- EXERCISE GOAL -
Copy the listing exactly as given. Omit every picture.

##### GIVEN DATA #####

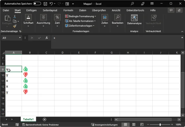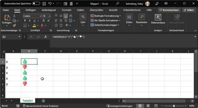 =WENN(A2="x";"👍";"👎")
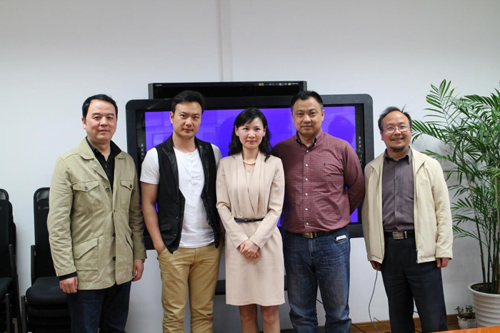 王琍琍(中一)与主持人大赛预赛其他评委合影
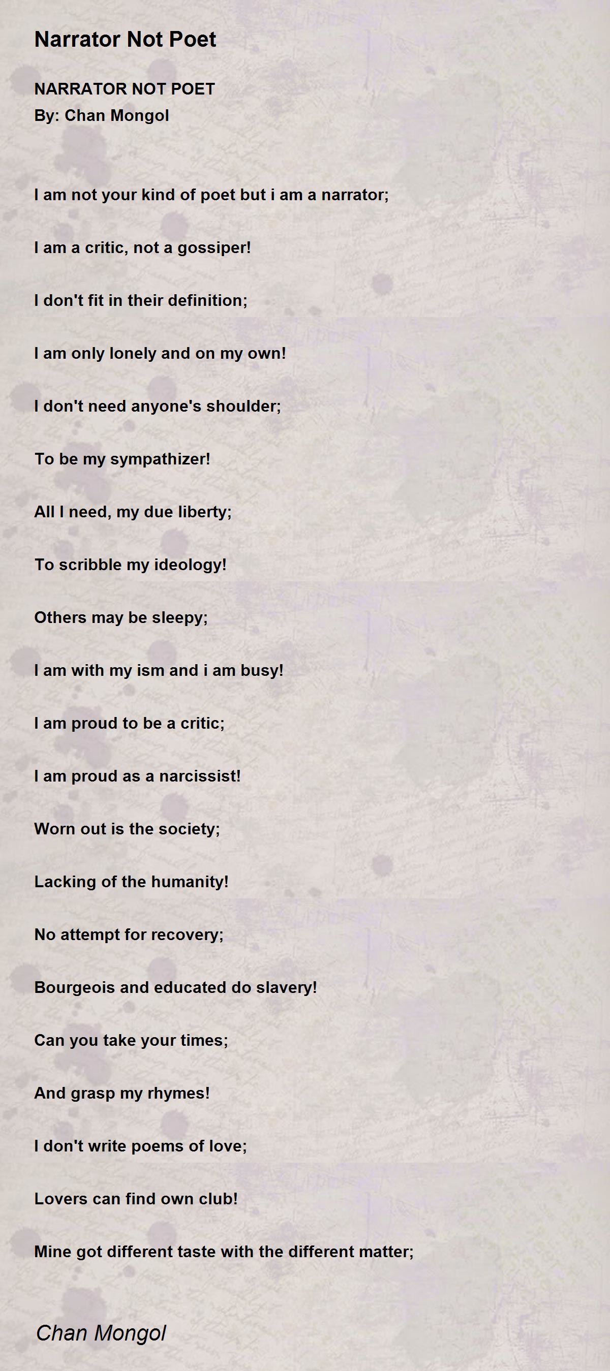 NARRATOR NOT POET

#####

- WRITTEN ANSWER -
 =WENN(A2="x";"👍";"👎")
 王琍琍(中一)与主持人大赛预赛其他评委合影
 NARRATOR NOT POET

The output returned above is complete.